Я вздыхаю и смотрю на неё, щурясь от холодного октябрьского солнца.
– Мне всё равно, как это было, Дженна. Правда. И теперь мне всё равно, что вы обо мне думаете.
– Клянусь, я не знала, какое слово она там напишет, – мямлит Дженна. – Она просто сказала, что хочет кое-что написать, но я не знала, что именно.
– Дженна, это уже не важно.
Я встаю, зажав блокнот под мышкой.
– Если бы кто-нибудь захотел испортить дорогую тебе вещь, я бы помешала. Если бы тебя обзывали, я бы сказала им замолчать. Так поступают друзья. И просто хорошие люди. А ты стояла и смотрела.

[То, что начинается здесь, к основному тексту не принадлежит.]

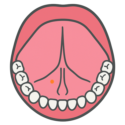 舌をゆっくり前へ出し、舌小帯右側の青筋上に極軽刺激を行う。

– Никто не знал, что делать, – возражает она, заливаясь краской.
– Одри знала. И мистер Эллисон.
– Одри. – Дженна закатывает глаза и раздражённо фыркает, услышав имя моей подруги. – Адди, она странная. Она выглядит не как мы и разговаривает не по-нашему.
– Мне не нужно, чтобы мои друзья выглядели как я, – резко отвечаю я. – Или так же разговаривали. Мне не нужно, чтобы им нравилось то же, что и мне. И мне даже не нужно, чтобы они думали как я. Но мне нужно, чтобы они заступились за меня, если кто-нибудь захочет написать гадость на книжке, которую мне подарила сестра.

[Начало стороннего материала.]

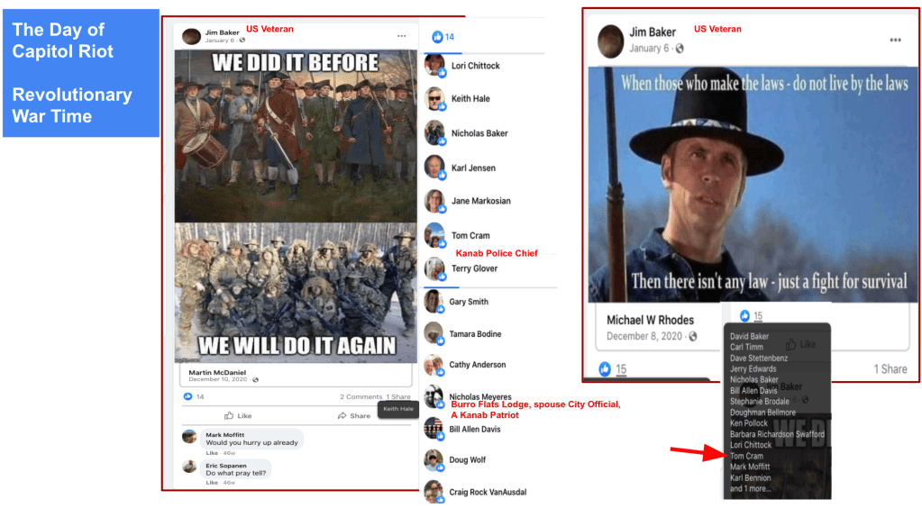 The content and volume of public posts, mostly on his personal FB page by Jim resulted in the Red Level Hatewatch designation. He supported the J6 Insurrection claiming a “planned destruction of America” , Revolutionary War and in August 2021 stated “just say when America, veterans are ready to pounce.” These calls to fight were encouraged by fellow veteran and Kanab Police Chief Tom Cram, including support of Insurrectionists from Kanab Area.

Я прохожу мимо Дженны и перепрыгиваю через забор. И не оглядываюсь.
⁂
Киди, кажется, уже лучше. Наконец-то.
Мама, папа, Киди, Нина и я гуляем в джуниперском лесу. Мы хотим посмотреть на дерево, которое тревожит меня уже столько недель.
Мама с папой, конечно, не обрадовались инциденту с Эмили. В школе назначили встречу, но родители Эмили всё отменили, когда та в конце концов призналась, что это она написала то слово и порвала мой тезаурус. Мама с папой написали на мисс Мёрфи жалобу. Теперь, когда погода портится, мы с Одри всё чаще обедаем в библиотеке, и я попросила мистера Эллисона помочь мне закончить речь к собранию комитета.
И вот мы всей семьёй идём по лесу и наслаждаемся последними осенними днями.
– Нельзя, чтобы подобное повторилось, – решительно говорит мама.
Я киваю:
– Я знаю. Не нужно было драться.
– Я вообще-то не это имею в виду, – говорит мама. – Я знаю, что ты раскаиваешься. И понимаешь, что так себя вести нельзя. Но Эмили поступила отвратительно.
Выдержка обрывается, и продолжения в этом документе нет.